賃借権の承継と権利関係 (全5問中2問目)

No.2

建物賃貸借契約の当事者が死亡した場合の相続に関する次の記述のうち、適切なものはどれか。
令和元年試験 問14
  1. 借主が死亡し、相続人のあることが明らかでない場合、賃貸借契約は終了しない。
  2. 貸主が死亡し、相続人のあることが明らかでない場合、賃貸借契約は終了する。
  3. 借主が死亡し、複数の相続人がいる場合、貸主が賃貸借契約の債務不履行を理由に解除するためには、相続人の一人に解除の意思表示をすればよい。
  4. 借主が内縁関係にある者と30年にわたり賃貸住宅に同居していた場合、当該賃貸住宅の賃借権の相続に限り、内縁関係にある者も相続人となる。

正解 1

解説

  1. [適切]。

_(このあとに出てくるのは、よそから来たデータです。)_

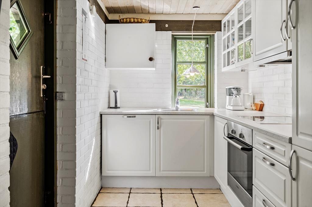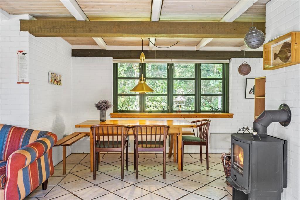 Grønne detaljer løber gennem huset som en rød tråd og guider jer fra rum til rum. Nyd den smukke udsigt fra husets rum, sæt jer omkring det hyggelige spisebord og nyd det fantastiske lysindfald og den flotte udsigt, eller tag et slag kort inden aftensmaden skal laves og nydes. Slå jer ned i den hyggelige stues dejlige sofaer og lad brændeovnen varme jer op imens I lytter til dens knitren, luk øjnene og nyd roen der hersker over huset, her kan I koble fra og komme væk fra hverdags trummerum imens I nyder hinandens selskab.

相続人がいない場合であっても、事実上の夫婦や親子関係にあったもの(特別縁故者)がいればその者が賃貸借契約はその者に承継されます(借地借家法36条1項)。特別縁故者もいない場合には相続財産は法人となり、相続財産の管理人が被相続人を代理する形で賃料の精算や契約解除を行います(民法951条)。よって、借主に相続人がいない場合でも当然に賃貸借契約が終了するわけではありません。
  2. 不適切。賃貸借契約は当事者が死亡しても当然には終了せず、相続人となるべき人がいればその権利義務は相続人に承継されます。相続人が明らかでない場合は、特別縁故者または相続財産の管理人に承継されるので、賃貸借契約は当然には終了しません。
  3. 不適切。借主が死亡して複数の相続人がいる場合は、既に賃貸物件は複数人の共有となっているため、貸主が債務不履行を理由に解除する場合は相続人全員に対して意思表示をする必要があります(民法544条)。
  4. 不適切。30年間同居していた内縁関係のある者であっても、他に相続人がいる場合は相続人になることができません。借主が相続人なく死亡した場合は、内縁関係にあるものが賃借権を承継できるという規定はあります(借地借家法36条1項)。ただし、賃貸人に対しては相続人が有する賃借権の援用、相続人に対しては権利の濫用の法理を用いて、立退き請求に対する内縁の配偶者の居住権を保護する判例があります。
したがって適切な記述は[1]です。